Virus hunters combing through the wreckage of the zero-day WMF (Windows Metafile) attacks have found evidence that exploit code was being peddled by Russian hacker groups for $4,000 a pop.
The first sign of an exploit was traced back to the middle of December 2005, a full two weeks before anti-virus vendors started noticing mysterious WMF files rigged with malicious executable code, says Alexander Gostev, a senior virus analyst at Kaspersky Lab.
"One very important aspect of this case is that the vulnerability was first identified by members of the computer underground," Gostev said.
"Around the middle of December, this exploit could be bought from a number of specialized sites. [Two or three] hacker groups from Russia were selling this exploit for $4,000," he added, confirming a widely held suspicion that a lucrative market exists for code that can exploit unpatched Windows vulnerabilities.
According to Gostev, the rival hacker gangs did not seem to fully understand the exact nature of the vulnerability.
It wasnt until a cyber-criminal purchased the code and found a way to incorporate it into adware, spyware and Trojan attacks that the severity of the vulnerability became public.
In a research note that discusses the evolution of malware over the last three months, Gostev said it was most likely that the vulnerability was detected by an unnamed person around Dec. 1, 2005.
However, it took a few days for the exploit enabling random code to be executed on the victim machine to be developed and put on the market.
"We dont know who was the first to discover the vulnerability; we only know who was involved in creating and distributing the exploit and subsequent modifications.
The data we have, plus the Russian involvement, make it clear that information about the vulnerability was not passed to companies such as eEye or iDefense, which specialize in identifying vulnerabilities," Gostev said.
He said the hacker groups clearly didnt understand exactly how the vulnerability functions and was more intent on selling it to cyber-criminals in Russia for quick profit.
"[R]esearch bodies did not have information about the fact that the exploit was being sold, due to the fact that it was created for the Russian market," he added.
Jim Melnick, director of threat operations at Reston, Va.-based vulnerability research firm iDefense, said his teams research confirms some of Gostevs findings.
"We did see some early activity coming out of the Russian sites.
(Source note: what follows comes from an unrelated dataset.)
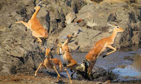 Khoảnh khắc ngoạn mục bầy linh dương tung mình trên không thoát cú đớp điện giật của cá sấu được nhà nhiếp ảnh nghiệp dư John Mullineux, ghi lại tại công viên quốc gia Kruger, Nam Phi.
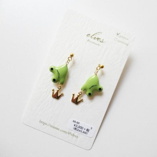 商品詳細:【金具交換可能】王冠を持った垂れたカエルの耳飾りです。

There was a pump-and-dump stock scheme going on at the time and a Russian hacker who we think has some connection to this mentioned that the WMF flaw was already being exploited quietly," Melnick said in an interview with eWEEK.
"Its likely it was being used in very small, targeted attacks before even the anti-virus vendors got wind of it," he added.
By Dec. 27, a three-sentence warning on the Bugtraq mailing list provided the first evidence that Web sites were hosting malicious WMF images that were evading anti-virus scanners:
"Warning the following URL successfully exploited a fully patched windows xp system with a freshly updated norton anti virus," said the note, which was posted by "firstname.lastname@example.org."
It included a URL with a site hosting the exploit and warned that the exploit is executed once the site is launched by a browser.
By Dec. 29 through the first week of January 2005, more than a thousand malicious WMF images were detected, prompting the release of unofficial patches and, eventually, an emergency update outside of the monthly patching cycle.
According to iDefenses Melnick, the WMF issue underscores the rebirth of underground hacker sites offering malware for sale.
"The $4,000 price seems a bit high, but theres no doubt that these things are back out in the open," he said.
Last October, the U.S. Secret Service announced arrests in "Operation Firewall," which targeted sites like Shadowcrew.com, Carderplanet.com and key members of the online carding community.
The three groups ran Web sites that exchanged new techniques and methods to commit online fraud and hijacked sensitive personal information.
After the "Operation Firewall" crackdown, Melnick said the brazen activity subsided.
"A lot of the English-language sites were knocked out after those arrests. It had been quiet for several months, but were noticing that the Russian sites are back. The WMF issue confirms they are back."
"It wont surprise me at all if we have another WMF incident a few months from now. There are dozens of these sites with hackers offering zero-day code for sale all the time. They even have a mechanism to test the code to make sure it is legitimate and will get past anti-virus software," Melnick added.